Además, hay que decir que este mole combina  perfectamente con multitud de platos: carnes, tortillas de maíz. Es, desde luego, un orgullo para sus habitantes. Tan es así que se realizan festivales donde se examinan y puntúan estas afamadas salsas, naturalmente picantes, atendiendo a su espesor, color, picor, textura, etcétera. Lo cierto es que su popularidad traspasa no solo las fronteras de esta urbe sino, desde luego, de todo México.

Su gente
Desde el punto de vista humano, conocí una capital vibrante, tremendamente alegre, vital, con una buena vida cultural y una clara visión de futuro. Junto a esa ciudad histórica –de iglesias y palacios, de plazas y conventos, de venturas y desventuras a lo largo de los siglos– nace una nueva Puebla con centros comerciales, salas de exposiciones, teatros, palacios de convenciones o modernos hoteles erigidos sobre viejos edificios que mantienen su peculiar toque arquitectónico.

Pongámonos a pasear por el zócalo y alrededores; un bullicio de gente, restaurantes, tiendas, vendedores ambulantes, escolares, etcétera, se agolpan entre estas céntricas calles donde se aprecia perfectamente la vida de la ciudad. En Puebla se halla la mayor concentración de alemanes del país, debido a que aquí están las instalaciones de la fábrica Volkswagen, la mayor empresa de la ciudad.

Arquitectura
Lo más difícil, en cualquier relato sobre un destino, es tener capacidad de resumen y síntesis. Por muchas habilidades que se tengan, es complicado extractar en pocas palabras las maravillas de Puebla. Aunque mencionara su Catedral (mezcla de estilos renacentista y barroco), el Palacio Municipal (en pleno zócalo), el Mercado de El Parían, el barrio del artista (donde se exponen y compran obras de diferentes autores), la calle de los dulces, la casa de los muñecos (cuya fachada de color rojo está adornada con figuras de danzantes), la biblioteca Palafoxiana (con más de 50.000 volúmenes), sus museos, los fuertes de Loreto y Guadalupe (donde un 5 de mayo de 1862 se libró una de las más importantes batallas en la historia de México), me quedarían muchas cosas por relatar.
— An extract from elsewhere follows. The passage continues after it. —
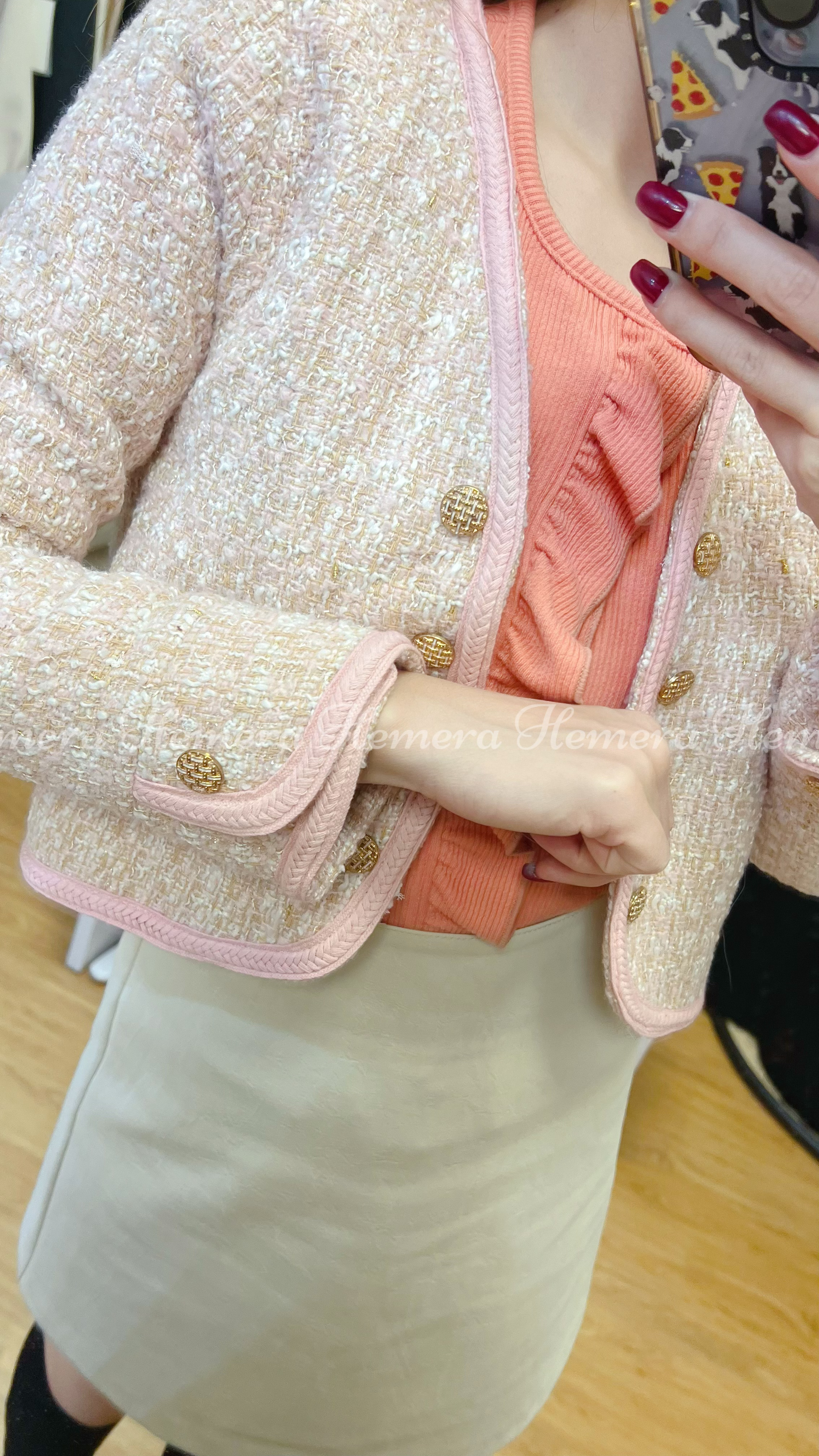 MH012801 PINK TWEED CROP JACKET

Sin embargo, conocedor de la magnificencia de los palacios, iglesias, casas y calles, en mi recuerdo quedará por mucho tiempo la imagen del interior de la capilla del Rosario en la iglesia de Santo Domingo. No hay palabras para describir lo que ante nuestros ojos se presenta. No pase por la ciudad de Puebla sin haber estado en esta capilla.

Se deleitarán probando el mole poblano o tomando una cerveza en cualquier terraza del zócalo; si prefieren, se quedarán atónitos si entran a la catedral (la segunda en tamaño del país) y aprecien esa peculiar mixtura que es Puebla, una urbe estratégicamente situada y a solo una hora de México D.F.
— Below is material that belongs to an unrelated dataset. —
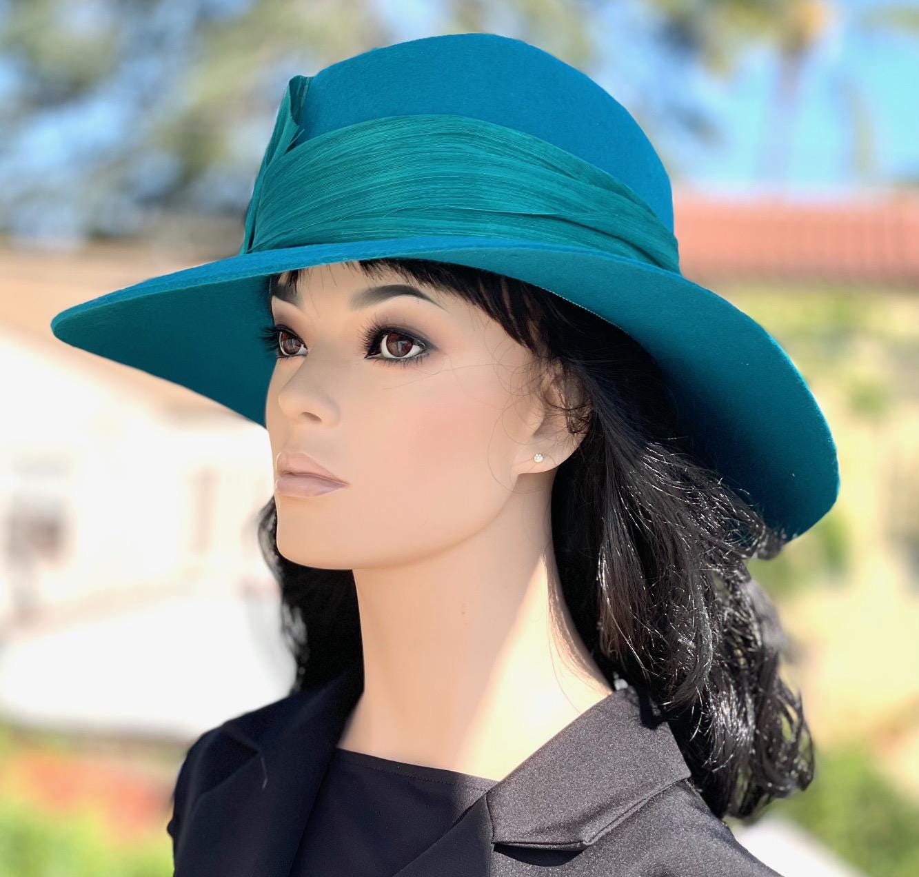 I hand made this striking turquoise fedora wide brim hat using 100% pure wool felt.

Me viene como curiosidad a la memoria en estos momentos la estampa de unos niños comiendo unos camotes (dulce típico poblano) en la Central, una de las pastelerías más famosas de la ciudad donde seguramente entrará para degustar alguna de estas delicias.

Los poblanos repiten mucho “Qué chula es Puebla”, una expresión que se corea orgullosa y con razón, por sus habitantes. Atrévase a conocerla y descubrirá cuánta verdad hay en esta frase.